== PROBLEM REQUIREMENTS ==
Omitting all images, set down every line below exactly as it appears.

== Stored data ==
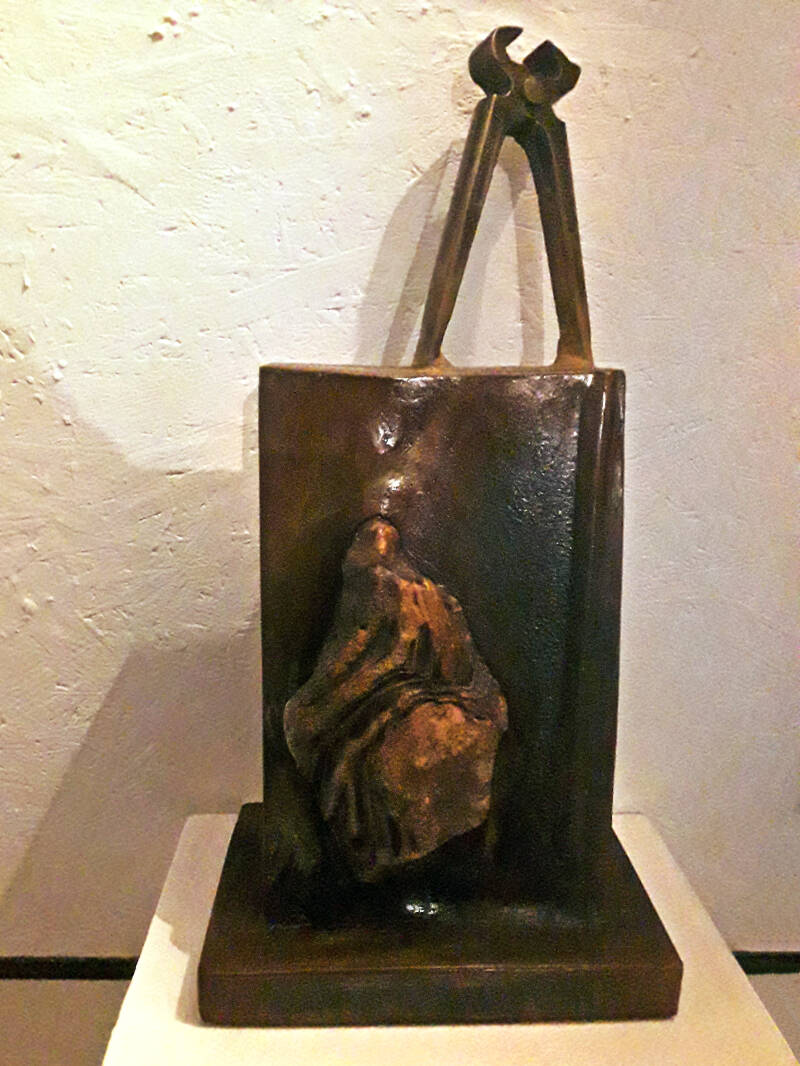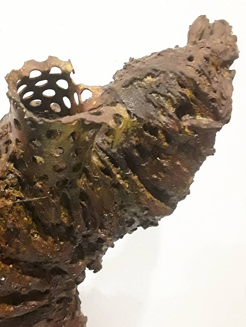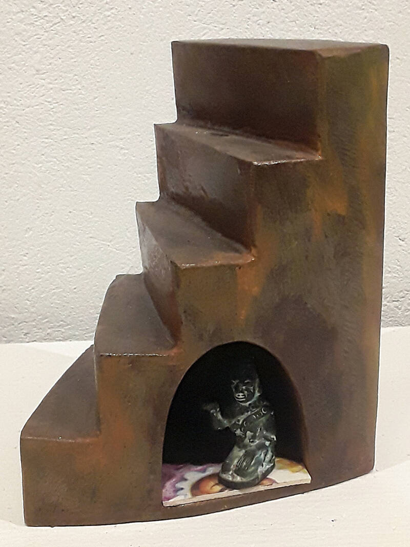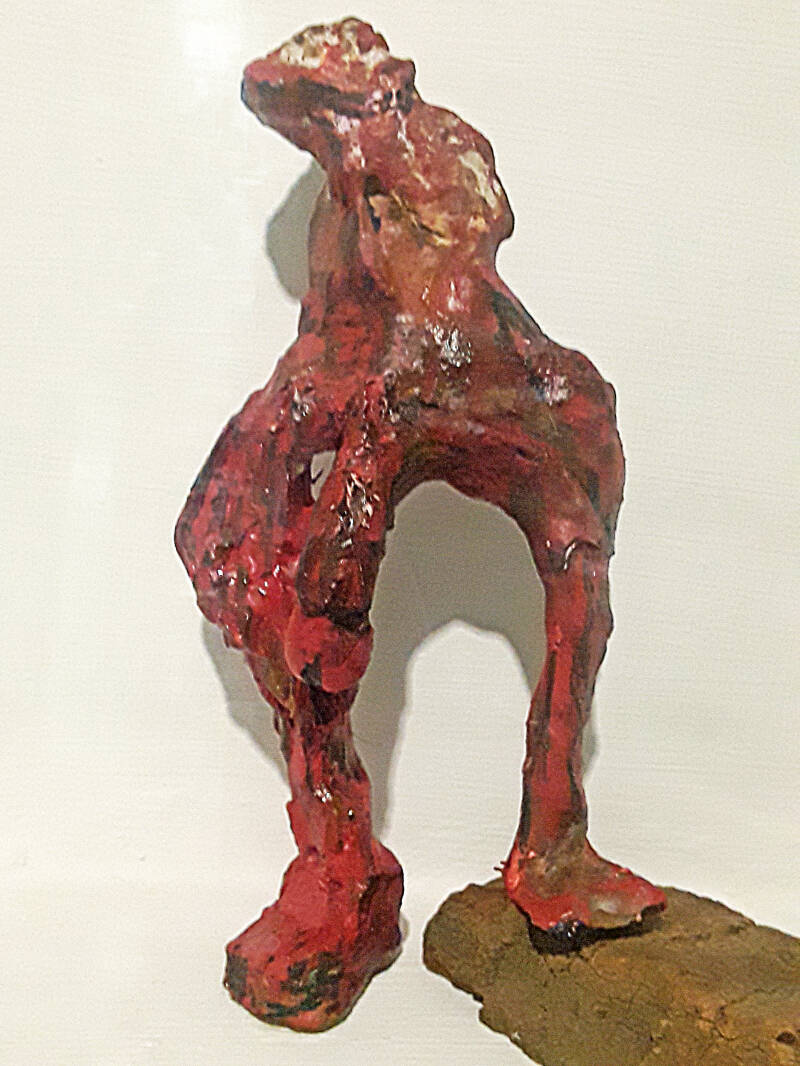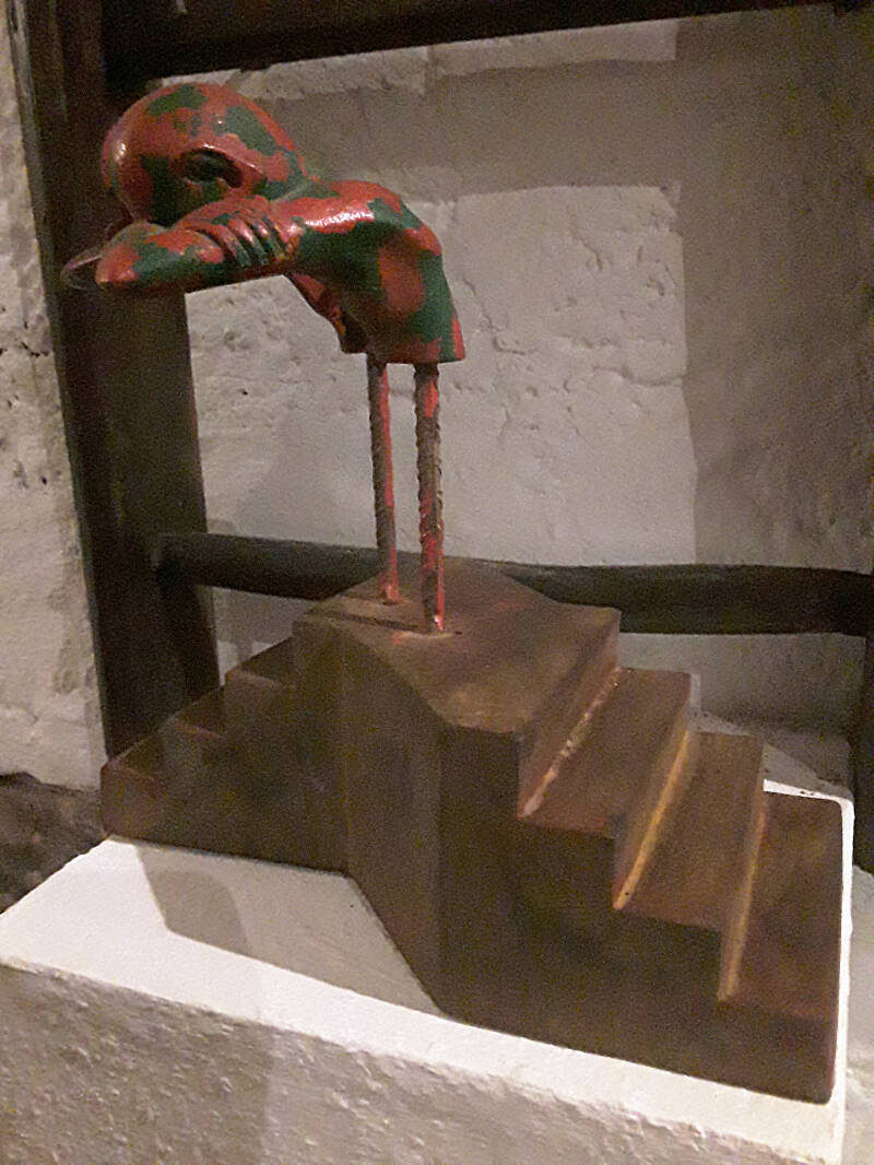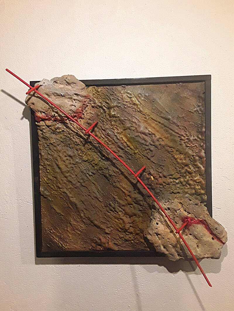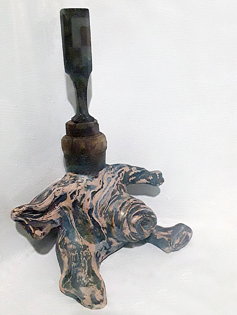 Gesammelt aus Fundstücken und aus verschiedenen Materialien, wie Holz, Eisen, Stoff und Stein bilden die Skulpturen und Materialbilder eine archaische Welt, die die Fantasie des Künstlers widerspiegeln und die Fantasie des Betrachters anregen sollen.
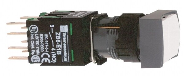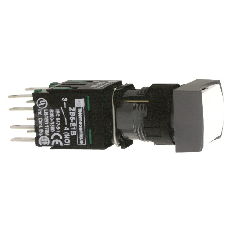 Кнопка 16мм белая с возвратом квадратная. серия продукта: Harmony XB6 - тип устройства или его аксессуаров: кнопка в сборе - краткое название устройства: XB6 - монтажный диаметр: 16 мм - тип контактов: 1 Н.О. + 1 Н.З. - работа контактов: медленное размыкание. Преимущества: Элементы конструкции визуально различимы с большого расстояния благодаря яркому цвету и маркировке, поэтому ошибки при первоначальном подключении и последующих операциях обслуживания сводятся к минимуму. Корпус со степенью защиты IP66 защищает данное устройство от ударных нагрузок, а также от пыли, воды и вибрации, поэтому оно идеально подходит для работы в неблагоприятных условиях окружающей среды.Применения: в средах, где необходима хорошая устойчивость к химическим веществам и/или двойная электрическая изоляция.
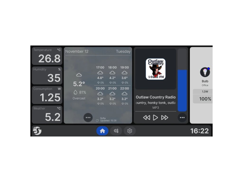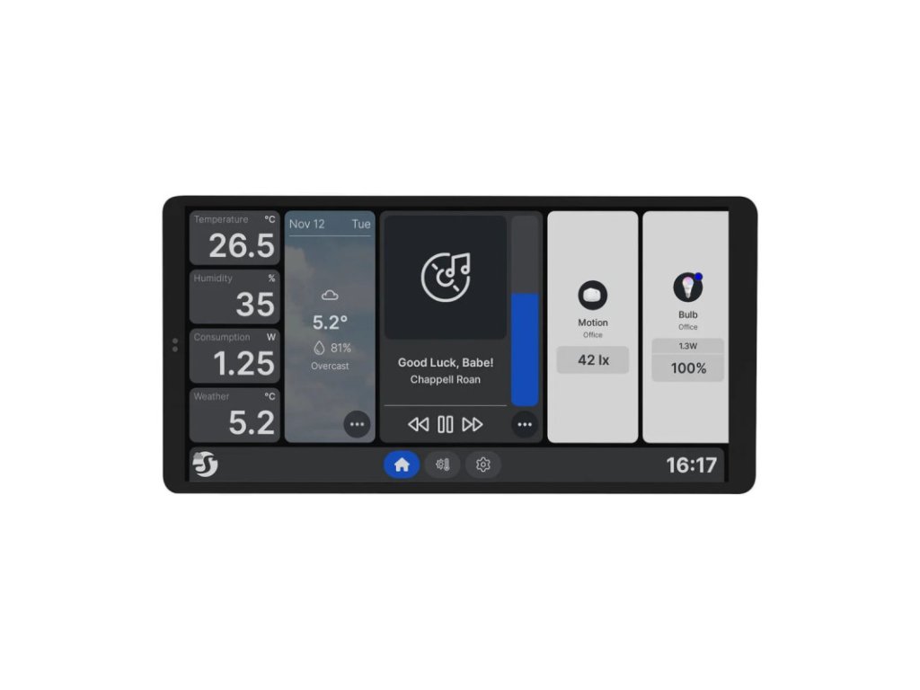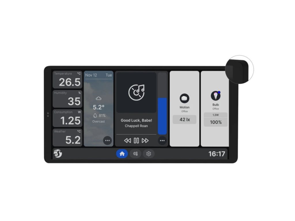 Shelly Wall Display X2 + BLU H&T Negru - panou tactil de perete cu releu (WiFi, Bluetooth), Negru
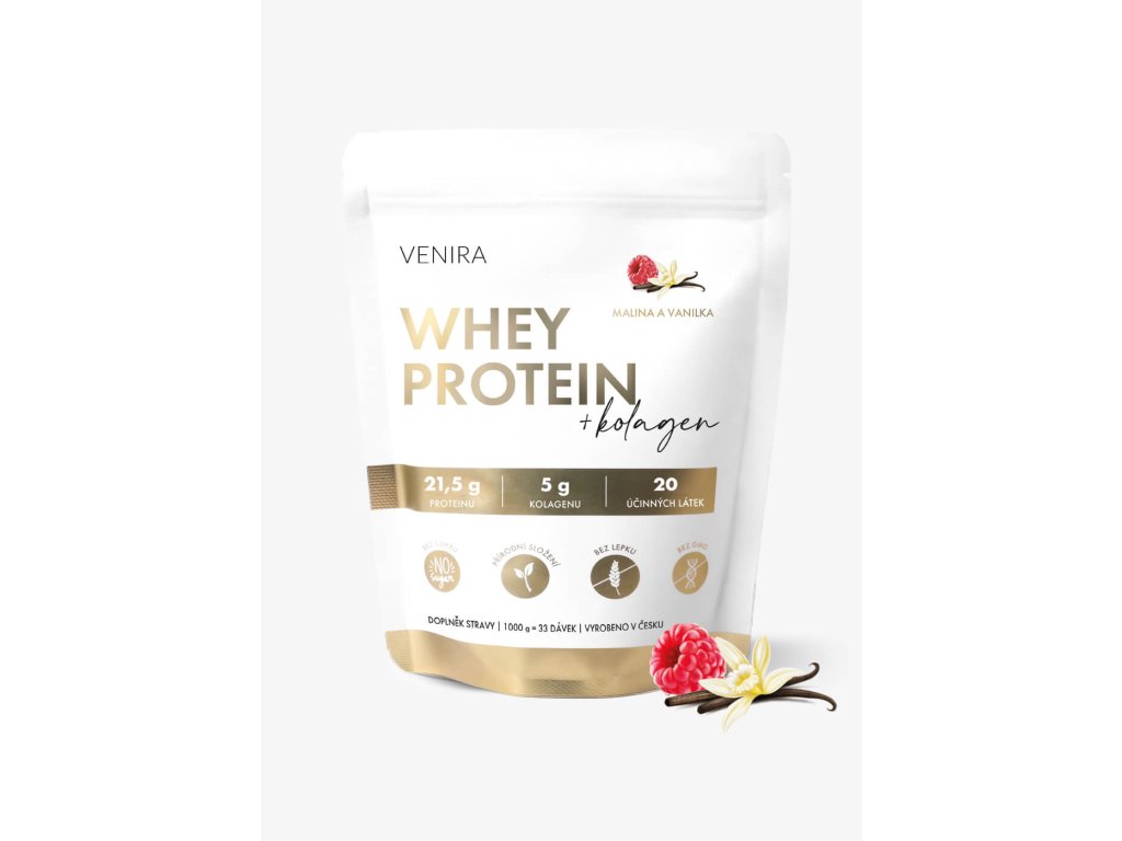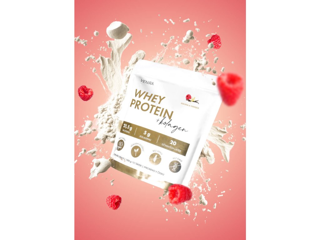 VENIRA beauty whey protein s kolagenem, malina-vanilka, 1000 g
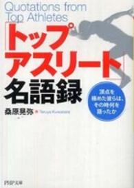 イチロー、谷亮子、北島康介、マイケル・ジョーダン…。彼らが放つ独創的な言葉の数々は、プレー同様、我々を魅了してやまない。本書は、古今東西のトップアスリートや指導者248人の中から、歴史に刻まれた306の名言を紹介し、解説を加えた。「私の頭でなく、自分の頭で考えなければならない」(イビチャ・オシム)など、スポーツの名言から「人生とビジネス」のヒントを学ぶ。
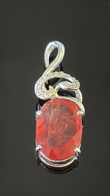 18K white gold pendant centring an oval mixed-cut padparadscha sapphire (c.19 × 13.5 mm, 13.56 ct) in four-claw mount, scrolling bale pavé-set with petite round white sapphires. Gold weigh - 5.80g
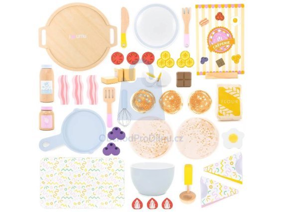 Palačinková sada UMU Toys je určena pro dětskou hru v kuchyni a obsahuje 44 dílů pro přípravu, zdobení a servírování palačinek a lívanců. Součástí jsou suroviny, nástroje, nádobí, menu s receptem i různé doplňky pro tvorbu sladkých či slaných variant. Děti si mohou osvojit základní úkony spojené s přípravou palačinek – od míchání těsta přes otáčení na pánvičce až po servírování na talíř nebo do papírového kornoutku. Tato sada podporuje kreativitu, motorické dovednosti a hru na „palačinkárnu“ či restauraci.
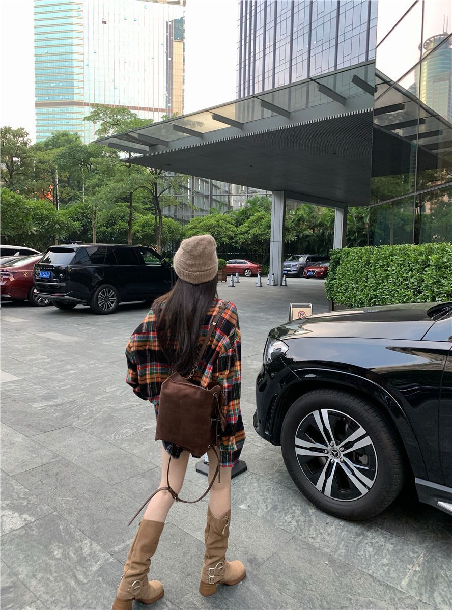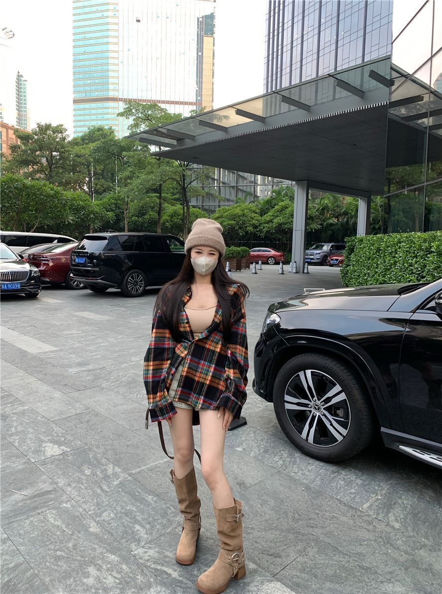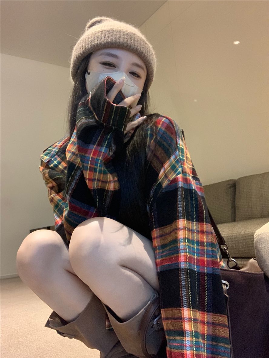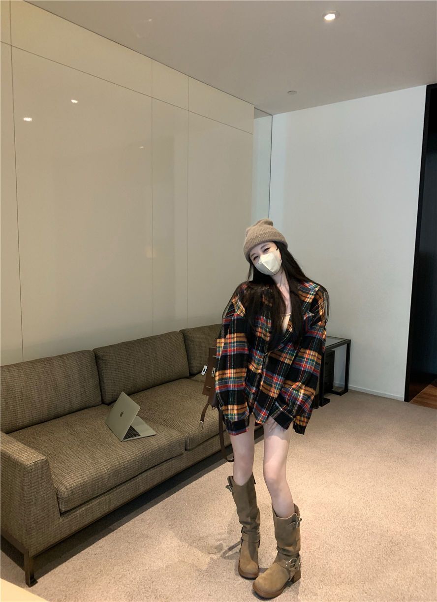 봄과 가을 한국 스타일 홍콩 스타일 격자 무늬 폴로 칼라 셔츠 코트 작은 여성을위한 중간 길이의 느슨한 복고풍 셔츠스토어 가기
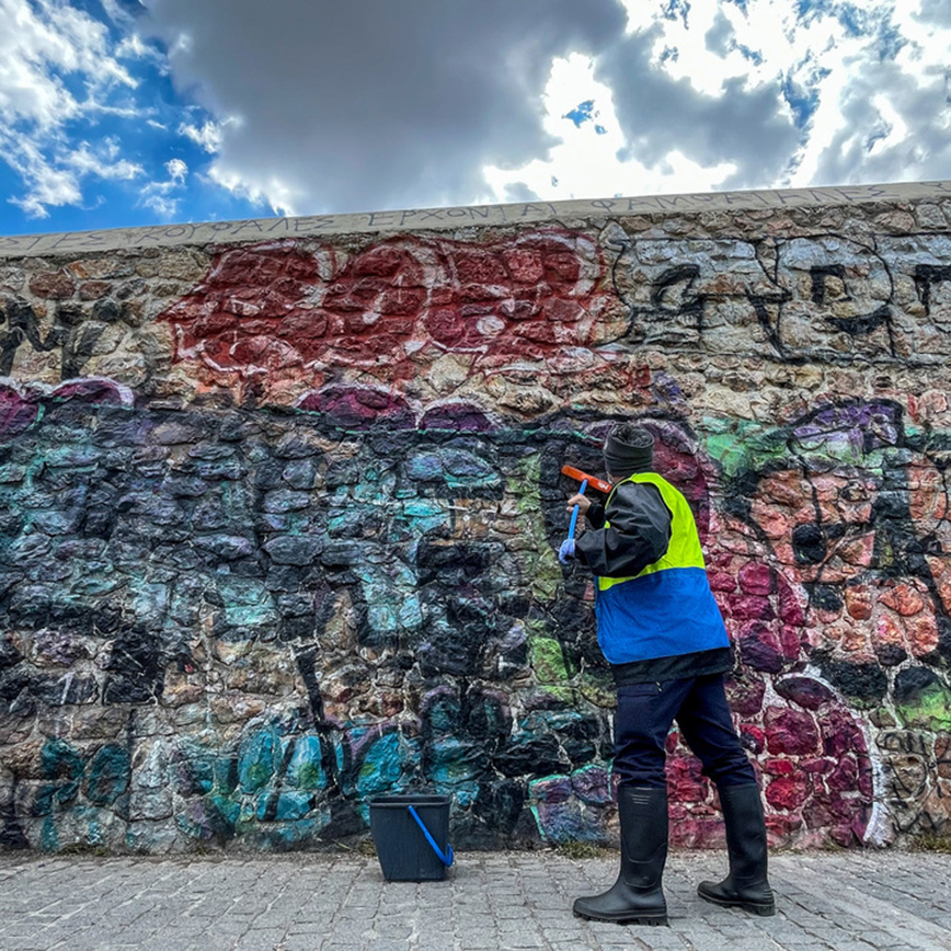 Παράλληλα, τα καλόγουστα γκράφιτι, εικαστικής αξίας σε όλο το μήκος του πέτρινου τοίχου προστατεύθηκαν με ειδικά καλυπτικά, που δρουν ανασταλτικά σε κάθε προσπάθεια βανδαλισμού. Αυτή, άλλωστε, είναι η γενική αρχή που ακολουθεί ο δήμος Αθηναίων για αυτή την μορφή σύγχρονης τέχνης.

== TASK OUTPUT ==
 Gesammelt aus Fundstücken und aus verschiedenen Materialien, wie Holz, Eisen, Stoff und Stein bilden die Skulpturen und Materialbilder eine archaische Welt, die die Fantasie des Künstlers widerspiegeln und die Fantasie des Betrachters anregen sollen.
 Кнопка 16мм белая с возвратом квадратная. серия продукта: Harmony XB6 - тип устройства или его аксессуаров: кнопка в сборе - краткое название устройства: XB6 - монтажный диаметр: 16 мм - тип контактов: 1 Н.О. + 1 Н.З. - работа контактов: медленное размыкание. Преимущества: Элементы конструкции визуально различимы с большого расстояния благодаря яркому цвету и маркировке, поэтому ошибки при первоначальном подключении и последующих операциях обслуживания сводятся к минимуму. Корпус со степенью защиты IP66 защищает данное устройство от ударных нагрузок, а также от пыли, воды и вибрации, поэтому оно идеально подходит для работы в неблагоприятных условиях окружающей среды.Применения: в средах, где необходима хорошая устойчивость к химическим веществам и/или двойная электрическая изоляция.
 Shelly Wall Display X2 + BLU H&T Negru - panou tactil de perete cu releu (WiFi, Bluetooth), Negru
 VENIRA beauty whey protein s kolagenem, malina-vanilka, 1000 g
 イチロー、谷亮子、北島康介、マイケル・ジョーダン…。彼らが放つ独創的な言葉の数々は、プレー同様、我々を魅了してやまない。本書は、古今東西のトップアスリートや指導者248人の中から、歴史に刻まれた306の名言を紹介し、解説を加えた。「私の頭でなく、自分の頭で考えなければならない」(イビチャ・オシム)など、スポーツの名言から「人生とビジネス」のヒントを学ぶ。
 18K white gold pendant centring an oval mixed-cut padparadscha sapphire (c.19 × 13.5 mm, 13.56 ct) in four-claw mount, scrolling bale pavé-set with petite round white sapphires. Gold weigh - 5.80g
 Palačinková sada UMU Toys je určena pro dětskou hru v kuchyni a obsahuje 44 dílů pro přípravu, zdobení a servírování palačinek a lívanců. Součástí jsou suroviny, nástroje, nádobí, menu s receptem i různé doplňky pro tvorbu sladkých či slaných variant. Děti si mohou osvojit základní úkony spojené s přípravou palačinek – od míchání těsta přes otáčení na pánvičce až po servírování na talíř nebo do papírového kornoutku. Tato sada podporuje kreativitu, motorické dovednosti a hru na „palačinkárnu“ či restauraci.
 봄과 가을 한국 스타일 홍콩 스타일 격자 무늬 폴로 칼라 셔츠 코트 작은 여성을위한 중간 길이의 느슨한 복고풍 셔츠스토어 가기
 Παράλληλα, τα καλόγουστα γκράφιτι, εικαστικής αξίας σε όλο το μήκος του πέτρινου τοίχου προστατεύθηκαν με ειδικά καλυπτικά, που δρουν ανασταλτικά σε κάθε προσπάθεια βανδαλισμού. Αυτή, άλλωστε, είναι η γενική αρχή που ακολουθεί ο δήμος Αθηναίων για αυτή την μορφή σύγχρονης τέχνης.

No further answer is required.